Глаза защипало от слез, и Джой с силой закусил губу, ругая себя за то, что не запомнил лица мальчика. Он все еще помнил его голос. Тихий, уверенный и такой приятный. Да только голоса забываются намного быстрее, чем лица... и вскоре у него вновь ничего не останется.
Щелкнул замок, и дверь в комнату открылась.
Джой не повернулся. Не посмотрел. Только тяжело вздохнул и ссутулился.
Вот и всё.
За ним пришли и сейчас отведут к каким-то незнакомым людям и скажут: «Это твои новые мама и папа».
Удушливый ком подступил к горлу, и Джой, еще раз тяжело вздохнув, выпрямил спину.
«Надо быть послушным и опрятным», - мысленно начал повторять себе мальчик. – «Послушным, опрятным, тихим. И тогда... может быть тогда тебя не бросят снова?»
Садис вошел в комнату и посмотрел на мальчишку.
Этот ребёнок по-прежнему сидел на кровати и послушно ждал его возвращения. Молча, напряженно, как будто опасаясь чего-то. Садис нахмурился, теперь уже окончательно убеждаясь в том, что с мальчишкой что-то не так. Ну не будут дети вести себя подобным образом, если только их кнутами не забили до полусмерти и не сломали в них способность верить в добро.
- Успокоился? - спросил парень, глядя на ребёнка с сочувствием. - Я принес твой блокнот.
Он подошел к кровати и положил тонкий блокнот рядом с застывшим мальчиком, после чего снова заговорил:
- Только не плачь больше. Посмотри, все ли с ним в порядке. Если его порвали или испачкали, я им все пальцы переломаю. Так что смотри внимательно, проверь каждую страничку.
Джой медленно повернул голову и во все глаза уставился на парня, пока еще не до конца понимая, происходит все на самом деле или он только спит.
Он слышал что-то о блокноте, о страницах и о том, что надо что-то проверить, но слова эти растворялись в гулком и даже немного болезненном биении сердца.
Джоя больше не интересовал блокнот. Теперь уже нет. Теперь самым важным было другое.
Всё так же кусая губы, мальчик забрался на кровать и, встав во весь рост, обхватил лицо парня ладошками, внимательно вглядываясь в него и стараясь запомнить каждую черточку. Каждую линию. Запомнить, чтобы никогда-никогда не забыть.
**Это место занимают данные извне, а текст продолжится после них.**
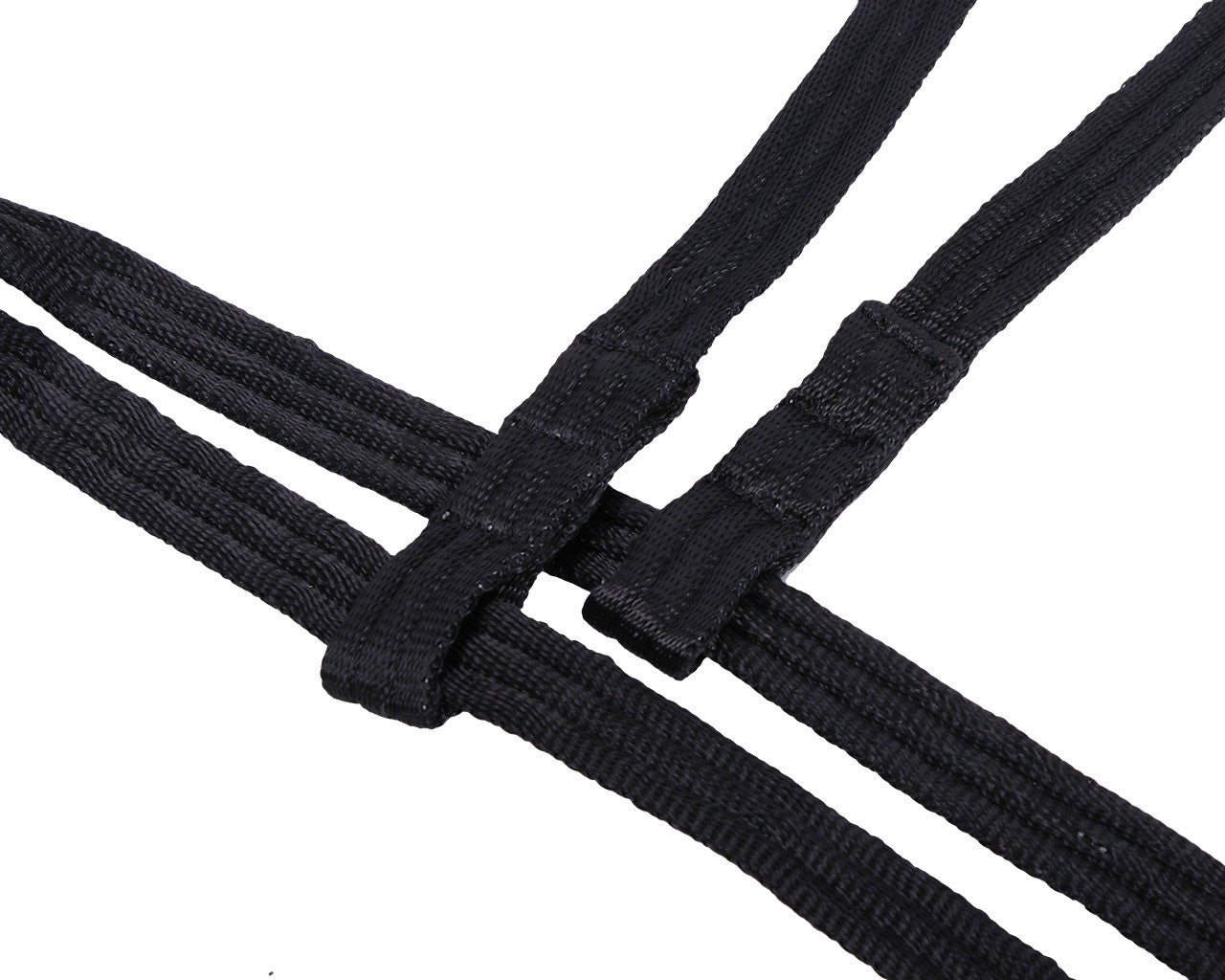 Perfect for solo traveling or dealing with stubborn horses. Made with durable polyester and zinc and steel hardware. Features a long rope with handles on each end and an attachment piece for stable positioning.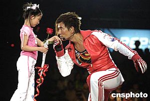 “齊長大”任賢齊北京演唱會五月二十二日晚在首都體育館舉行,演唱會的高潮出現(xiàn)在“香車美女”環(huán)節(jié),任賢齊為一名5歲的小美女單膝跪地送上玫瑰并騎上摩托帶她環(huán)場一周。中新社記者:高遠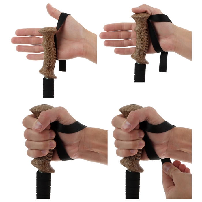 - Темляк огибает запястье, обеспечивая опору для руки и предотвращая потерю палки во время движения. Конструкция петли позволяет отрегулировать необходимую длину.

Джой смотрел и смотрел, а потом закрыл глаза.
Четкий и очень яркий образ тут же появился перед его мысленным взором, и мальчик улыбнулся.
«Запомнил! Получилось!» - возликовал он в душе. – «Теперь главное сохранить. Не потерять. Не упустить ни детальки».
Джой облегченно выдохнул и отпустил парня. Слез с кровати. Взял в руки свой блокнот, прижал его к груди и тихо спросил:
- Когда за мной придут? Сейчас? Или позже? И... ты проводишь меня? Нет, не провожай. Если пойдешь, я снова буду плакать.
Садис замер и даже дыхание затаил. Только что, когда мальчик прикоснулся к нему, в его груди шевельнулось что-то странное. Что-то... теплое и приятное, как будто кот свернулся клубком и мягко урчал.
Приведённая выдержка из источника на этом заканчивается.